PS3="Select the operation: "

select opt in add subtract multiply divide quit; do

  case $opt in
    add)
      read -p "Enter the first number: " n1
      read -p "Enter the second number: " n2
      echo "$n1 + $n2 = $(($n1+$n2))"
      ;;
    subtract)
      read -p "Enter the first number: " n1
      read -p "Enter the second number: " n2
      echo "$n1 - $n2 = $(($n1-$n2))"
      ;;
    multiply)
      read -p "Enter the first number: " n1
      read -p "Enter the second number: " n2
      echo "$n1 * $n2 = $(($n1*$n2))"
      ;;
    divide)
      read -p "Enter the first number: " n1
      read -p "Enter the second number: " n2
      echo "$n1 / $n2 = $(($n1/$n2))"
      ;;
    quit)
      break
      ;;
    *) 
      echo "Invalid option $REPLY"
      ;;
  esac
done


The script shows the menu and the PS3 prompt when the script is performed. The user is invited to pick the procedure and input two digits.

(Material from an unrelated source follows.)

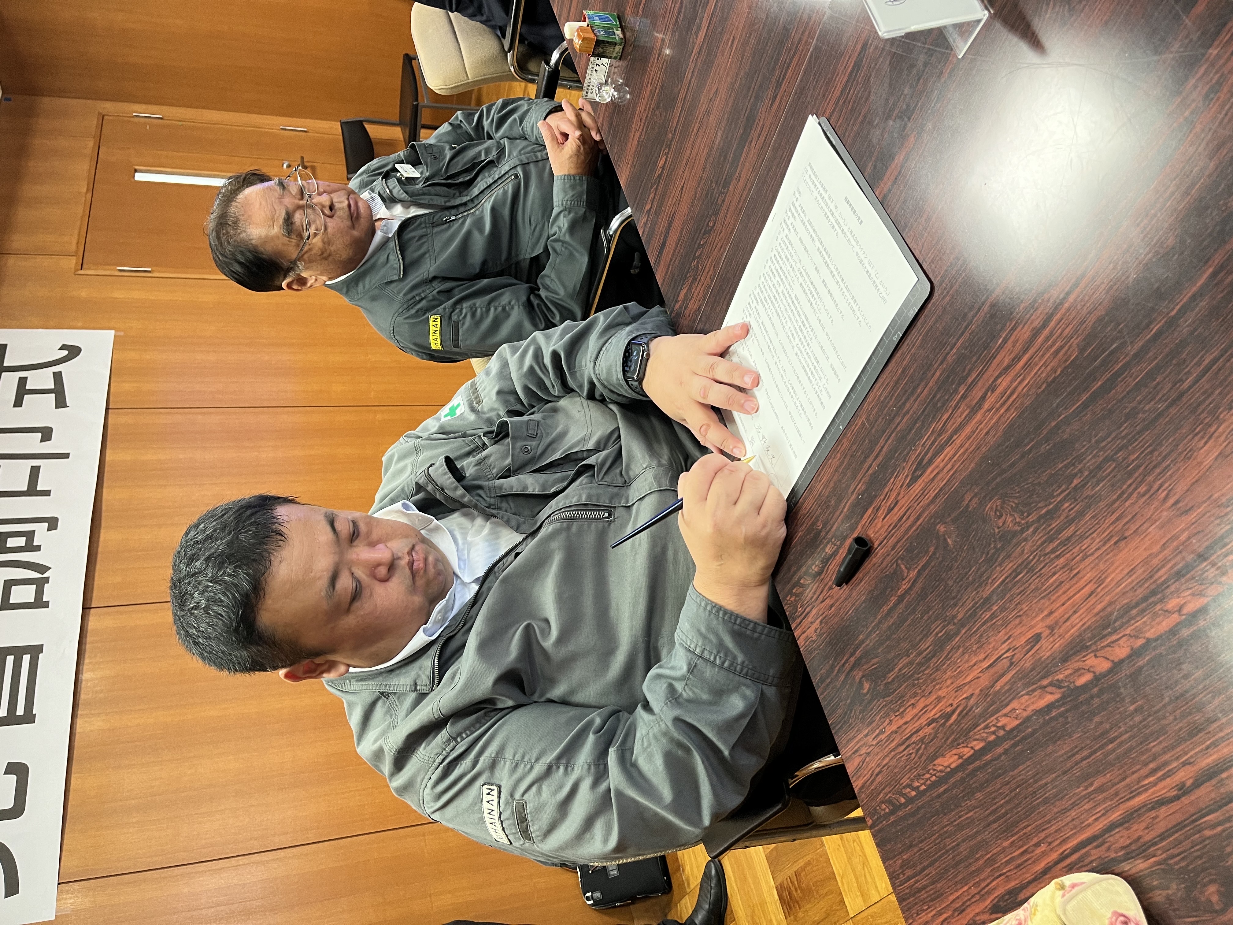 リサイクルプラント総合受付事務所前の県道吉田大東線の道路の一部を弊社が管理することになり、島田土木事務所様と覚書を取り交わしました。

Depending on the user’s input, the script will output the outcome.

The user will be requested to complete a new action after each selection until the break instruction is invoked.

1) add
2) subtract
3) multiply
4) divide
5) quit
Select the operation: 1
Enter the first number: 4
Enter the second number: 5
4 + 5 = 9
Select the operation: 2
Enter the first number: 4
Enter the second number: 5
4 - 5 = -1
Select the operation: 9
Invalid option 9
Select the operation: 5

One limitation of this script is that it can operate only with integers.

Here is a bit more sophisticated version. We utilize the bc tool that allows floating numbers to conduct mathematical computations. Also, the repetitious code is bundled within a function.

calculate () {
  read -p "Enter the first number: " n1
  read -p "Enter the second number: " n2
  echo "$n1 $1 $n2 = " $(bc -l <<< "$n1$1$n2")
}

PS3="Select the operation: "

select opt in add subtract multiply divide quit; do

  case $opt in
    add)
      calculate "+";;
    subtract)
      calculate "-";;
    multiply)
      calculate "*";;
    divide)
      calculate "/";;
    quit)
      break;;
    *) 
      echo "Invalid option $REPLY";;
  esac
done

Output:

1) add
2) subtract
3) multiply
4) divide
5) quit
Select the operation: 4
Enter the first number: 8
Enter the second number: 9
8 / 9 =  .88888888888888888888
Select the operation: 5   

Conclusion

The chosen construct enables you to design menus. It is convenient for building shell programs that need user input.